On se souvient de l’émoi provoqué par l’instruction du 14 juin 2013 relative à l’intégration dans le calcul du plafonnement de l’ISF des inscriptions en compte sur les compartiments euros des contrats d’assurance-vie multisupports1. Le Conseil d’Etat devrait apporter rapidement un éclairage nouveau sur ce sujet.
Par Eric Ginter, avocat associé, professeur associé à l’Université de Bourgogne, Hoche société d’avocats
Depuis la loi de finances pour 2011, les montants qui sont inscrits en compte sur le compartiment euros des contrats d’assurance-vie multisupports sont assujettis aux prélèvements sociaux au fil de l’eau, c’est-à-dire au fur et à mesure de leur inscription.

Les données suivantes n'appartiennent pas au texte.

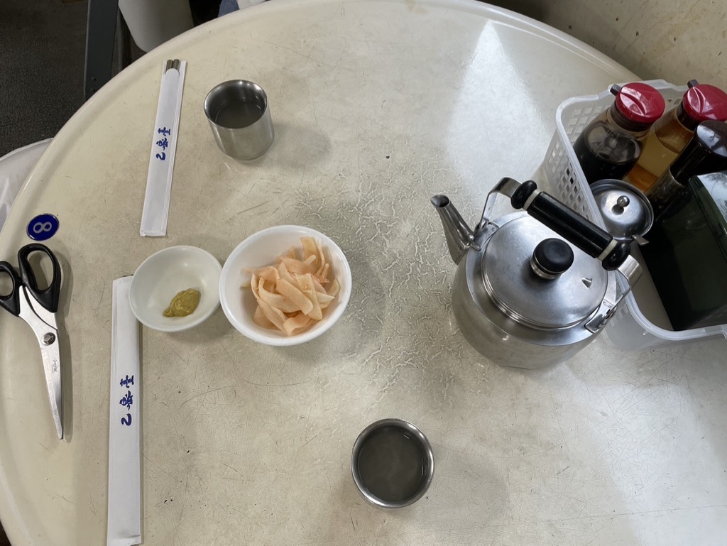주문을 하니 온육수와 겨자, 무절임을 주셔요.

Cette disposition avait été adoptée tout à la fois dans un souci de rendement fiscal et pour aligner le sort réservé à ce compartiment euros sur celui des contrats intégralement souscrits en euros.
Ceci a conduit l’administration, par l’instruction précitée, à préciser que ces montants devaient être assimilés à des revenus et, comme tels, être intégrés dans le calcul du «plafonnement ISF».

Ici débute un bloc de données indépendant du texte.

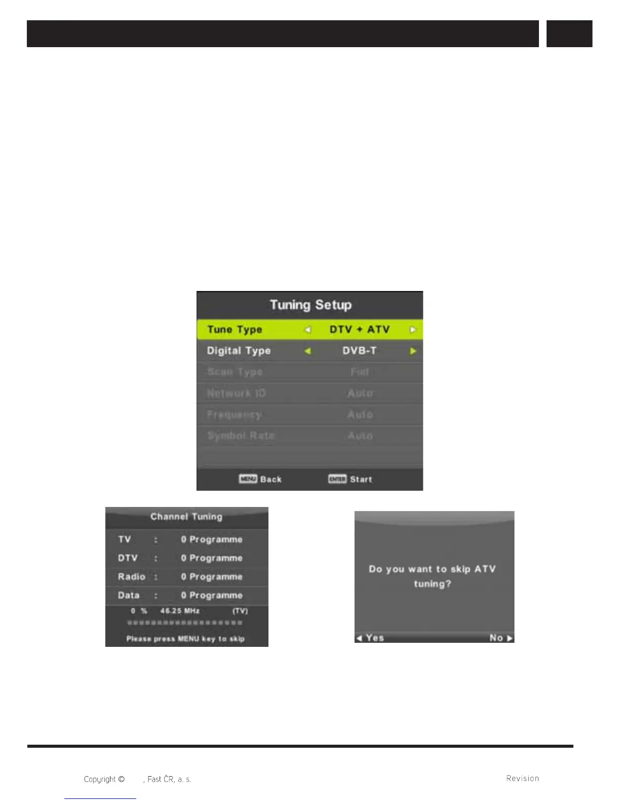 will start fi rst. If you want to skip ATV tuning, press MENU button and left arrow button.

Cette intégration au numérateur du ratio qui permet de calculer ce plafonnement a pour effet d’amoindrir considérablement la portée de celui-ci.
Dit autrement, cette instruction a eu pour conséquence d’augmenter, parfois dans des proportions très significatives, le montant de l’ISF dont les titulaires de contrats d’assurance-vie multisupports étaient redevables.
Cette instruction ayant été publiée trois jours avant la date limite de dépôt des déclarations, l’administration a laissé jusqu’au 15 octobre aux personnes concernées pour déposer des déclarations d’ISF rectificatives accompagnées du paiement de droits complémentaires correspondants.
Certains se sont acquittés de cette obligation, mais non sans contester celle-ci en déposant un recours pour excès de pouvoir afin d’obtenir l’annulation de l’instruction de juin.
En outre, observant que l’origine de ce problème trouvait sa source dans la loi de finances pour 2011 qui avait introduit la taxation «au fil de l’eau», certains ont soulevé la question de la constitutionnalité de ces dispositions et, par voie de conséquence, de celle de l’instruction qui en tire les conclusions rappelées plus haut.
Le Conseil d’Etat va se prononcer très prochainement sur cette question prioritaire de constitutionnalité dont le rapporteur public, Mme Nathalie Escaut, a estimé qu’elle devait être transmise au Conseil constitutionnel. Une décision sur ce point est donc attendue très prochainement.
Dans ses conclusions, Mme Escaut a mis en doute la légalité de l’instruction du 14 juin qui, de manière assez évidente, rajoute à la loi en prévoyant l’intégration de simples inscriptions en compte dans le revenu servant de calcul au plafonnement de l’ISF.